Work item => Everything from the first line of the data through the line with "You can combine" is to be echoed exactly, minus the pictures.

Task data =>
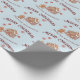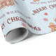 Este personalizado Navidad festivo o papel de envoltura de vacaciones presenta un sano tema de pan de jengibre en un suave fondo azul para bebés. Una imagen de una casa de pan de jengibre está retratada en el centro, con un lindo hombre de pan de jengibre a la izquierda. Pequeñas galletas rojas de copos de nieve están nevando desde el cielo. Se imprime una muestra de saludo de Feliz Navidad encima del árbol y debajo se imprime un ejemplo de nombre de familia. Puede personalizar el ajuste para incluir su propio nombre o texto personalizado.
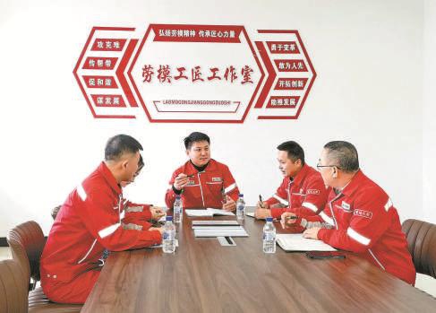 在“白景阳劳模和工匠人才创新工作室”,工友们与白景阳代表(中)畅谈着新一年的打算。 刘仍芳摄
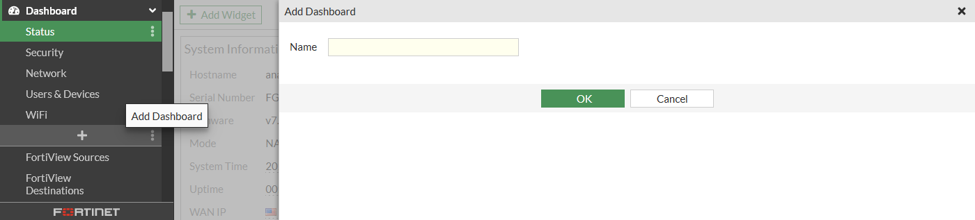 You can combine widgets to create custom dashboards. You can also use the dropdown in the tree menu to switch to another device in the Security Fabric.
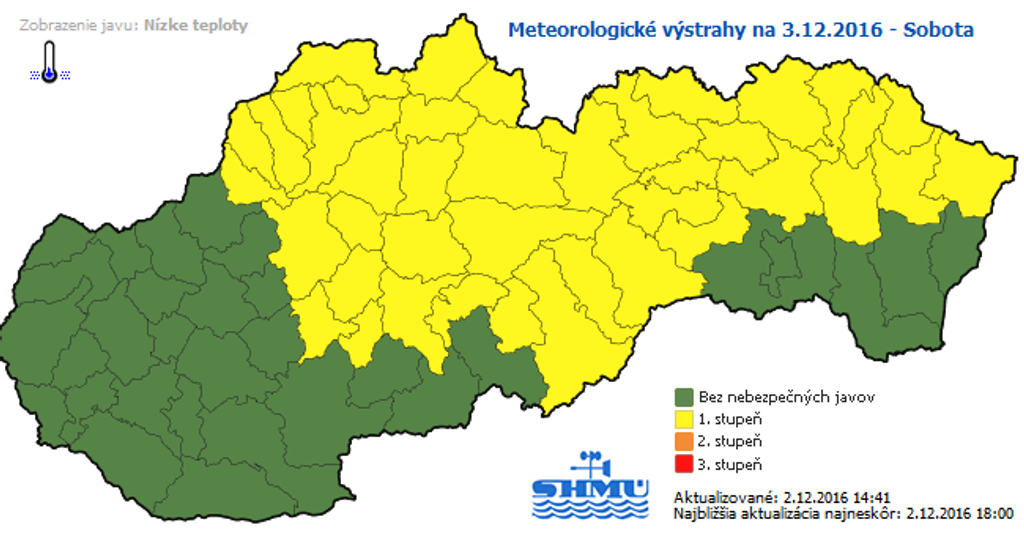 Po výdatnej nádielke snehu sa na Slovensku počas víkendu ochladí. Slovenský hydrologický ústav (SHMÚ) vydal pre noc zo soboty (3. 12.) na nedeľu (4. 12.) výstrahu pred nízkymi teplotami prvého, najnižšieho stupňa.
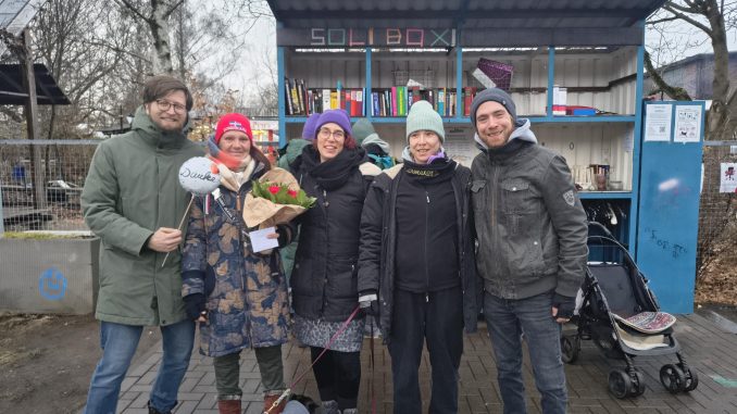 Die Tauschkiste in Wilhelmsburg, genannt Solibox, ist die erste von der Stadt errichtete und genehmigte Einrichtung ihrer Art und steht seit gut vier Jahren vor den Zinnwerken e.V., Am Veringhof 7 (der Neue RUF berichtete). Seit zwei Jahren nun gibt es eine besonders gute Seele an der Solibox: Esma Jakupi betreut mit jeder Menge ehrenamtlichem Engagement die Ordnung und Sauberkeit an der Box. Die Wilhelmsburgerin verbringt viel Zeit an der Box und ist ein wichtiger Teil des Projekts geworden. Auch um die Box herum sorgte Esma durch Bepflanzung des Grundstücks für eine Verschönerung der Umgebung. Die Organisatoren der Box haben sich im Rahmen des Wintermarkts der Zinnwerke am Nikolaustag bei Esma für ihr Engagement bedankt. Am Tag zuvor hatten sie schon die Aktiven vom Kultur Kanal e.V. gewürdigt und der Solibox eine solarbetriebe Beleuchtung geschenkt. Janwillem van de Loo vom Solibox Orga-Team dankte dafür und würdigte sie: „Esma, du vor Ort und wir vom Orga-Team im Kontakt mit der Verwaltung – das ist ein Dream Team! Ohne dich würde es nicht gehen, wir danken dir von Herzen“.
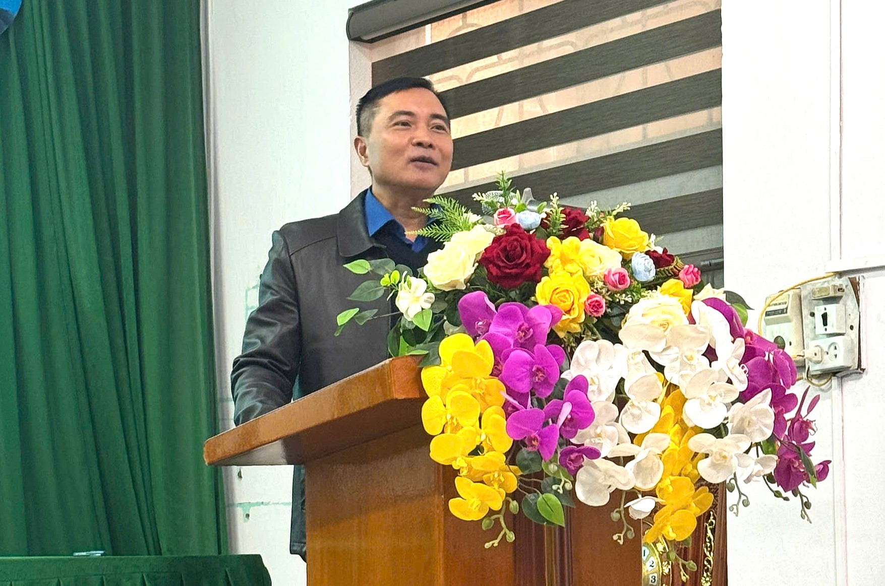 Đồng chí Từ Quốc Hiệu, Phó Giám đốc Sở Y tế phát biểu tại hội nghị bàn giao các Trạm Y tế về UBND xã quản lý.
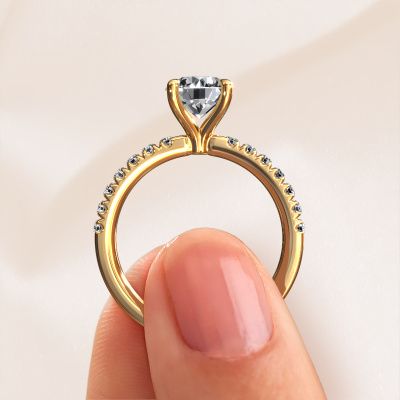 Bovenstaande verlovingsring heeft de naam Crystal RND 2. Dit type verlovingsring noemen we een pavé solitaire verlovingsring omdat hij een enkele middensteen heeft waarbij de banden van de verlovingsring ook volgezet zijn. De verlovingsring is uitgevoerd in de combinatie 14 Carat goud met goud en heeft als middensteen een ronde lab-grown diamant ter grootte van 1.30 crt en in de zijbanden zijn lab-grown diamanten gezet. Ieder juweel is uniek, doordat je deze ring geheel naar eigen wensen kunt samenstellen.Deze klassieke gouden pavé solitaire verlovingsring heeft een schitterende ronde lab-grown diamant als centersteen, waarbij in de band nog meer lab-grown diamanten zijn gezet om de middensteen nog meer te accentueren. Doordat de zetting van de pootjes om de lab-grown diamant open is, vangt de lab-grown diamant het licht van alle kanten op en schittert hierdoor optimaal. Hierboven kun je zien hoe onze goudsmid de verlovingsring heel precies tot in de kleinste details heeft bewerkt, zodat de wat hoger gelegen lab-grown diamant een echte eyecatcher is. Wat een prachtige verlovingsring om te geven bij je aanzoek aan de liefde van jouw leven, aan jouw stralende middelpunt!Onze goudsmeden vervaardigen pas je Crystal RND 2 verlovingsring, zodra je deze besteld hebt. We hebben geen voorraden. Het voordeel hiervan is dat we de voorraad niet door hoeven te berekenen in de prijs, en kunnen daardoor sieraden leveren tegen een bijzonder lage prijs.Ons team ontwerpt dagelijks nieuwe ringen in diverse stijlen. Heb je zelf een pavé solitaire verlovingsring ergens gezien, die jij het liefst aan jouw geliefde zou willen geven? Je kunt altijd jouw ideeën en ontwerp met onze sieradenontwerpers bespreken, want wij zetten graag jouw ontwerp om tot een klassieke verlovingsring. Je kunt tijdens het ontwerpproces steeds meekijken, omdat het ontwerp in een zeer gedetailleerde 3D tekening wordt omgezet. Daarbij kun je een dummy bestellen van het uiteindelijke ontwerp. Een dummy is een kunststof ring, die precies dezelfde vormen heeft als jouw uiteindelijke ontwerp. Je kunt deze passen en zien of de ontworpen verlovingsring helemaal naar jouw wens is. Wij sturen je graag een vrijblijvende offerte, waarbij je ongetwijfeld versteld zult staan over de prijs en de kwaliteit van de ring en edelstenen.Om het voor jou makkelijker te maken kun je ieder besteld sieraad binnen 30 dagen na aflevering eenvoudig weer retour sturen.
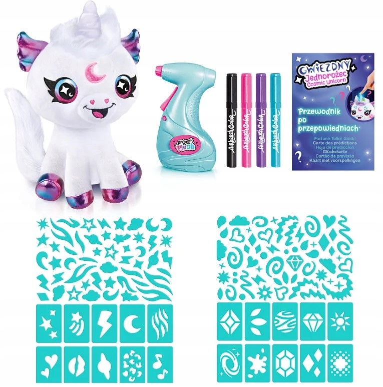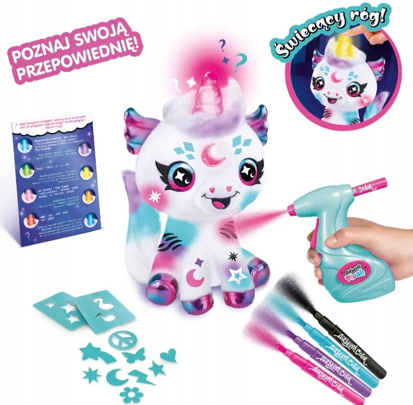 Gwiezdny Jednorożec to więcej niż plusz. Można go dekorować za pomocą dołączonego do zestawu aerografu lub markerów. Można zadać mu pytanie, na które „odpowie”, używając odpowiedniego koloru. Po zabawie Gwiezdnego Jednorożca można wyprać i stworzyć nowe stylizacje od początku.
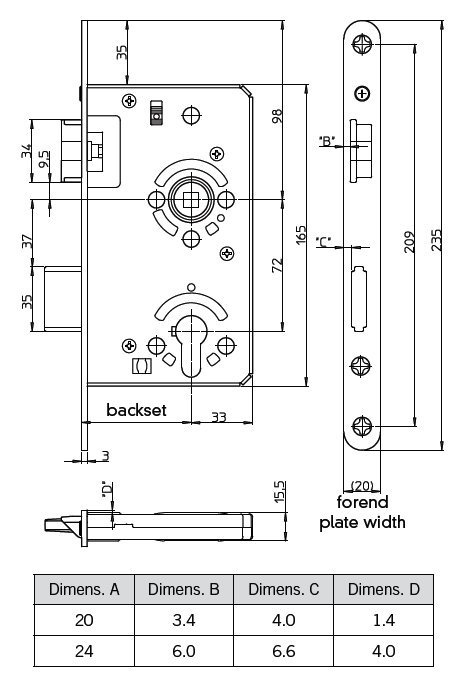Zámek pro plné těžké objektové dveře umístěné v extrémně zatížených prostorech, střelka a závora vyosené, provedení pravé nebo levé
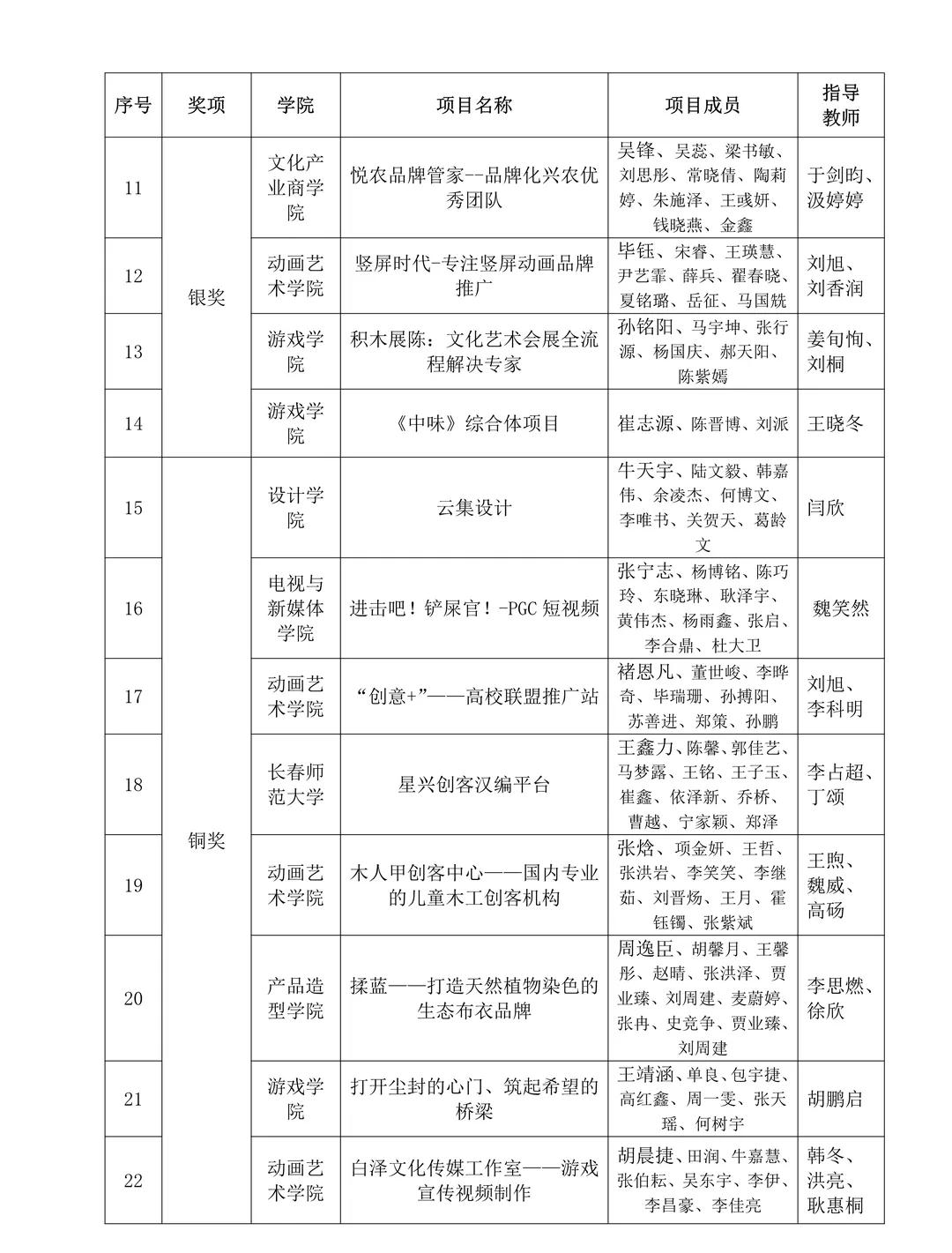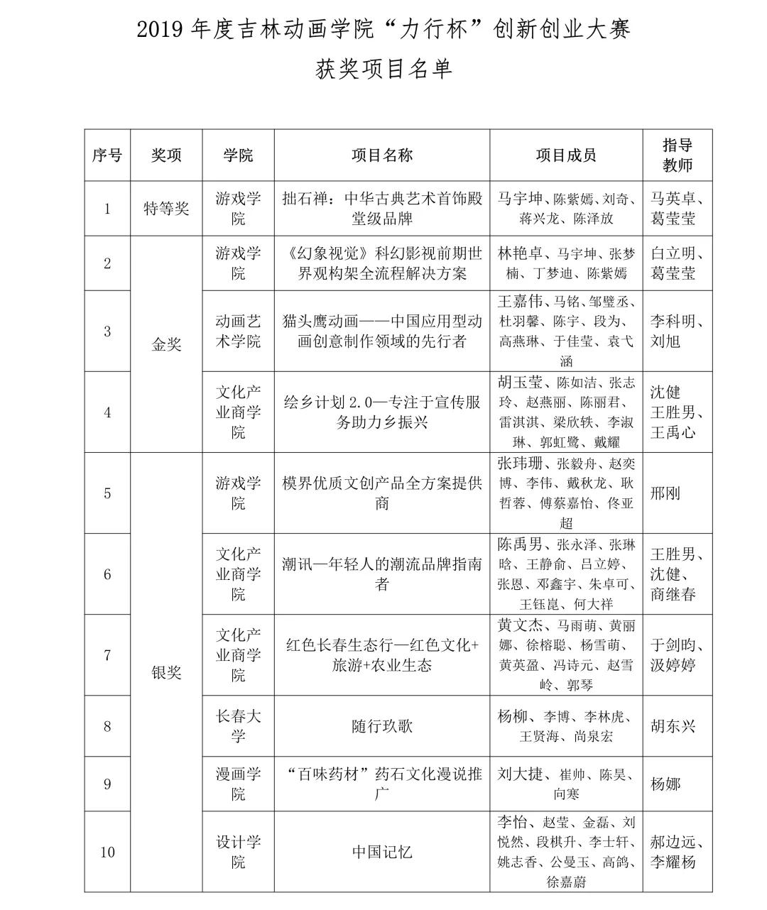 经过一天激烈的角逐,评审专家组评分合议决定:《拙石禅-中华古典艺术首饰殿堂级品牌》获得特等奖;《幻象视觉-科幻影视前期世界观构架全流程解决方案》等3个项目获得金奖;《模界优质文创产品全方案提供商》等10个项目获得银奖;《“创意+”——高校联盟推广站》等16个项目获得铜奖。游戏学院、文化产业商学院、动画艺术学院分获最佳组织奖。同时,李科明等26名指导教师获得大赛优秀指导教师奖。
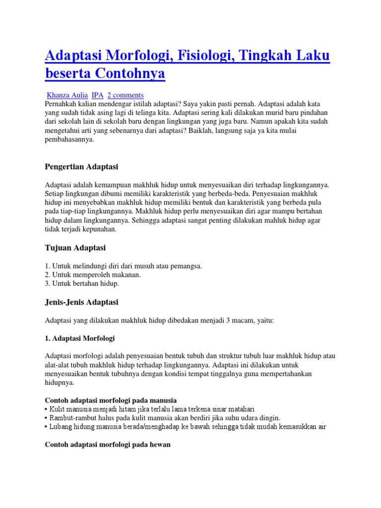 Pengertian cara macam tujuan dan contoh dalam cara beradaptasi tidak hanya pada manusia dan hewan saja yang dapat melakukan proses adaptasi. Seperti sebelumnya sudah dijelaskan apa itu adaptasi berikut jenis jenisnya maka pada saat ini akan dijelaskan contoh contoh yang lebih lengkap dari ketia jenis adaptasi tersebut. Hewan ruminansia misalnya sapi kambing kerbau. Autotomi adalah teknik bertahan hidup dengan cara mengorbankan salah satu bagian tubuh. Beruang kutub memiliki rambut yang sangat tebal yang berguna untuk bertahan hidup pada suhu hingga kurang dari 0 derajat. Cara itu merupakan salah satu adaptasi morfologi.
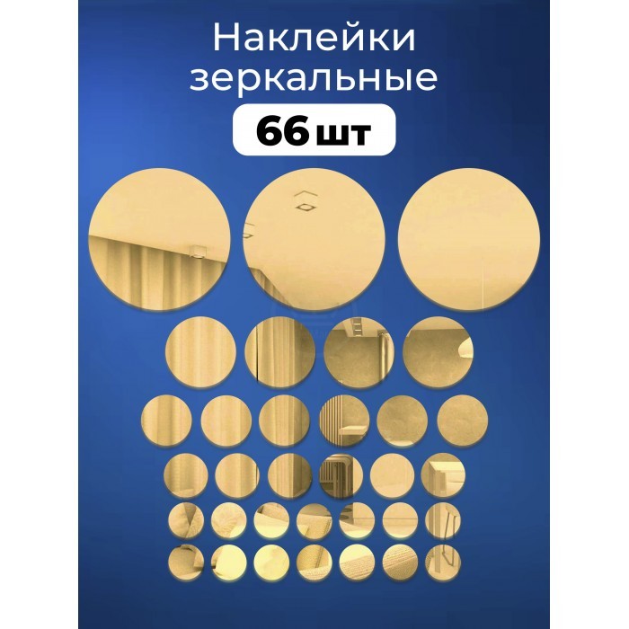 Интерьерные зеркальные наклейки Круги-2 набора ( 64/66 штук ) золото 266104
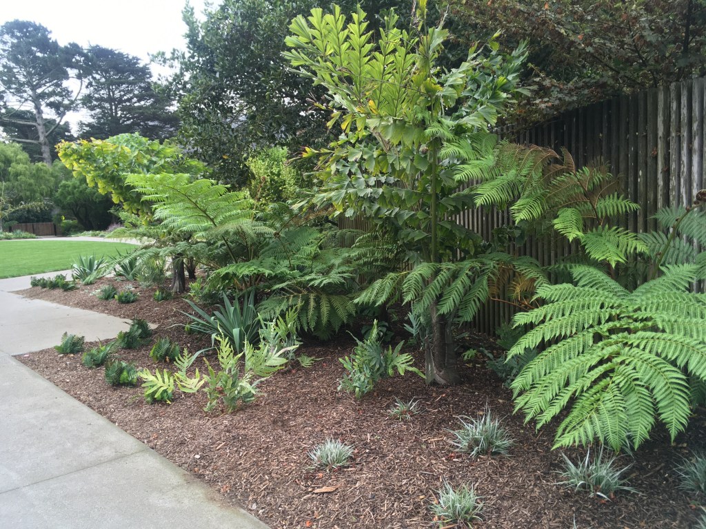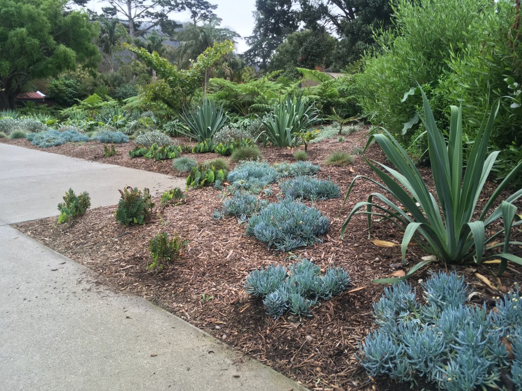 This garden is defined by wide expanses of turf, followed by silvery Convovulus and low spreading silver Dichondra; tree ferns, silver spear Astelia; blue succulent Senecio madraliscae; blue fescue. You get the idea – color is cool, and the plants range from full sun to shade. The most challenging aspect is likely the litter under the tall Eucalyptus trees, the open and windy exposure, the meticulous nature that is crucial to a rental space, and the safety of 2-4 year olds playing near sharp agaves.

Written answer =>
 Este personalizado Navidad festivo o papel de envoltura de vacaciones presenta un sano tema de pan de jengibre en un suave fondo azul para bebés. Una imagen de una casa de pan de jengibre está retratada en el centro, con un lindo hombre de pan de jengibre a la izquierda. Pequeñas galletas rojas de copos de nieve están nevando desde el cielo. Se imprime una muestra de saludo de Feliz Navidad encima del árbol y debajo se imprime un ejemplo de nombre de familia. Puede personalizar el ajuste para incluir su propio nombre o texto personalizado.
 在“白景阳劳模和工匠人才创新工作室”,工友们与白景阳代表(中)畅谈着新一年的打算。 刘仍芳摄
 You can combine widgets to create custom dashboards. You can also use the dropdown in the tree menu to switch to another device in the Security Fabric.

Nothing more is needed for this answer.